### WORK ITEM
Copy nothing from the entries below except the lines from the one containing "3月底,廣東野生動(dòng" through the one containing "How to achieve", and copy those exactly.

### INPUT DATA
━━━━━━━━

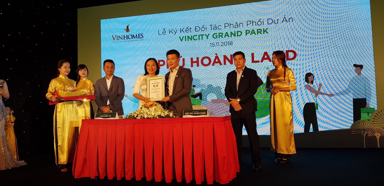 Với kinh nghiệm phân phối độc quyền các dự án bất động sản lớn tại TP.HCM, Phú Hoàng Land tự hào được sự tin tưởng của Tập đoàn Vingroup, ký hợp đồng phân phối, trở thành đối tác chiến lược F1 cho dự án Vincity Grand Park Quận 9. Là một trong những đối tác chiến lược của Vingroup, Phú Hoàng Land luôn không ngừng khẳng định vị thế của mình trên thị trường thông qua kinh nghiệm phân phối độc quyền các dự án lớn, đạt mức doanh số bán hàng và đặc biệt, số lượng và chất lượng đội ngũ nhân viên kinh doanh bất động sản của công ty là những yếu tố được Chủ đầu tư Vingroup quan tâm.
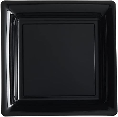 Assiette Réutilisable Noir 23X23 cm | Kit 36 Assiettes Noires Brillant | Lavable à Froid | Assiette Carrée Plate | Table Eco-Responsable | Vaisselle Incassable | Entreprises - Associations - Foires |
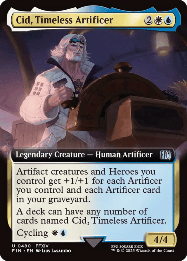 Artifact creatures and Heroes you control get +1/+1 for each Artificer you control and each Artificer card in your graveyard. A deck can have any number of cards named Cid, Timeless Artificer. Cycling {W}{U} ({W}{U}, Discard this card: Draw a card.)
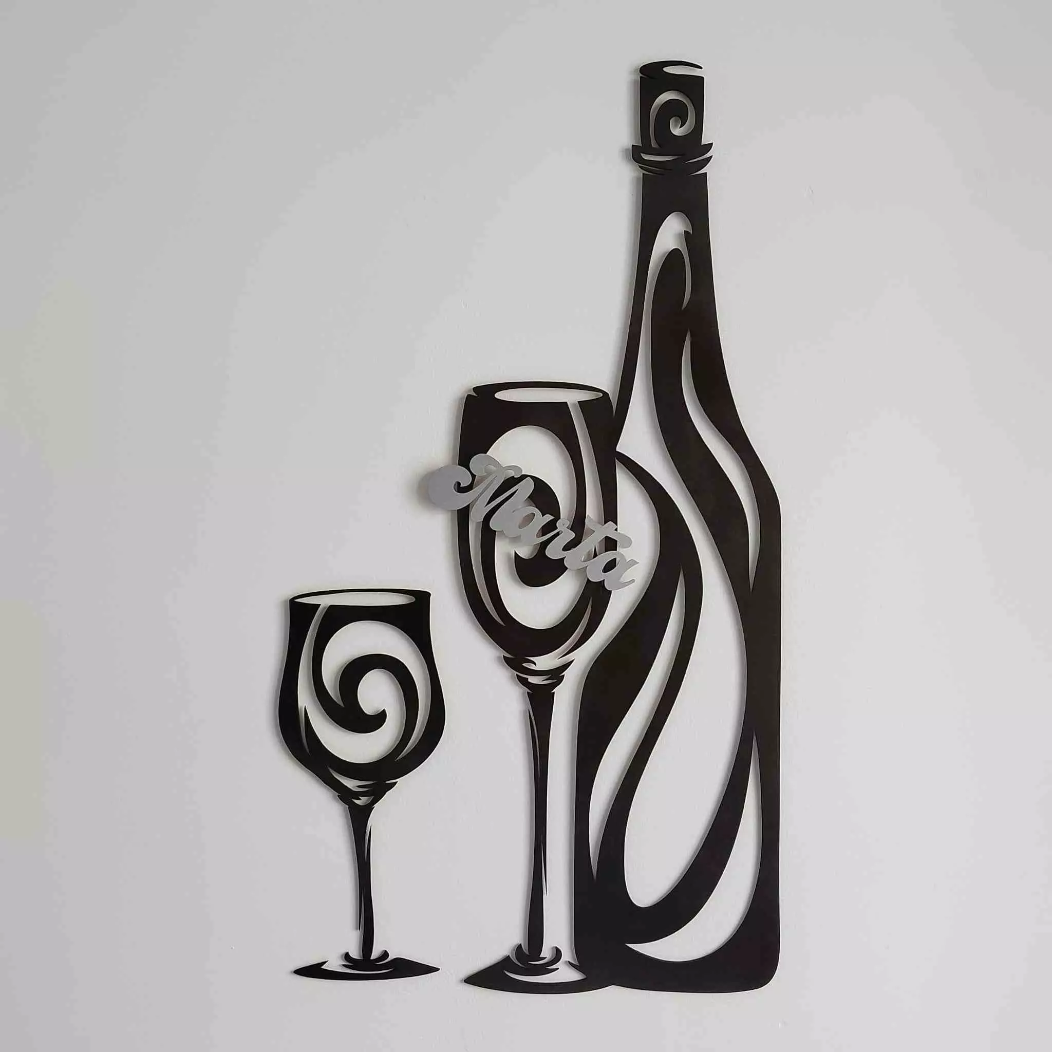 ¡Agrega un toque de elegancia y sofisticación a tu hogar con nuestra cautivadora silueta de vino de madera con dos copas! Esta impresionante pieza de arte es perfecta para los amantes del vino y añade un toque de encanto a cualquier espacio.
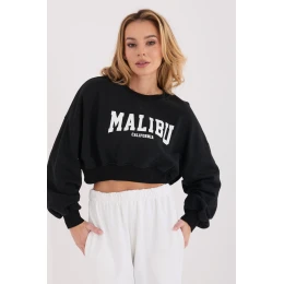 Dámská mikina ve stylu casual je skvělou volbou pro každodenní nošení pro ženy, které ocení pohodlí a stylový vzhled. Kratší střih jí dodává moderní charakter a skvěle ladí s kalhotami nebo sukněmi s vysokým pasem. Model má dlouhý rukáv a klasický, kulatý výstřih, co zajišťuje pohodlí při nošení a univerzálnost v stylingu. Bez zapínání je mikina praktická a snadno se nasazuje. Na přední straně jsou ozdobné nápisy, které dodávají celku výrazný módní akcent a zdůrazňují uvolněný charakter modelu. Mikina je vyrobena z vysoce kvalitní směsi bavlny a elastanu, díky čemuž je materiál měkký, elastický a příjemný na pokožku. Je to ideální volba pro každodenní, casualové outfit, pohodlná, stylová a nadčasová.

━━━━━━━━

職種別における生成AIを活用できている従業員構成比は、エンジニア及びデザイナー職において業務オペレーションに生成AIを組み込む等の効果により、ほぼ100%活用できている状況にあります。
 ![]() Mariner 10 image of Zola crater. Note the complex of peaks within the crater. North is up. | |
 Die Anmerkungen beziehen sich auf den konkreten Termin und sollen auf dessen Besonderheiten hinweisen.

━━━━━━━━

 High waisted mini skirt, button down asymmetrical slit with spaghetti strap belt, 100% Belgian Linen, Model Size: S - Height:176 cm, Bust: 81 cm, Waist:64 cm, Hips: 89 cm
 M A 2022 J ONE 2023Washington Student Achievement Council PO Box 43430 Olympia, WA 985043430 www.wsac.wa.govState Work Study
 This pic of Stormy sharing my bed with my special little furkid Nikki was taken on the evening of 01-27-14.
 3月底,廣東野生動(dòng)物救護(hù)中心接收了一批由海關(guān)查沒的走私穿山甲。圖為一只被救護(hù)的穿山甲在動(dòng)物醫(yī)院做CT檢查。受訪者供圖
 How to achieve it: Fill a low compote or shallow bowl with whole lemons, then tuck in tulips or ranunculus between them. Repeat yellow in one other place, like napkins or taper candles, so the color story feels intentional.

━━━━━━━━

### EXERCISE RESPONSE
 3月底,廣東野生動(dòng)物救護(hù)中心接收了一批由海關(guān)查沒的走私穿山甲。圖為一只被救護(hù)的穿山甲在動(dòng)物醫(yī)院做CT檢查。受訪者供圖
 How to achieve it: Fill a low compote or shallow bowl with whole lemons, then tuck in tulips or ranunculus between them. Repeat yellow in one other place, like napkins or taper candles, so the color story feels intentional.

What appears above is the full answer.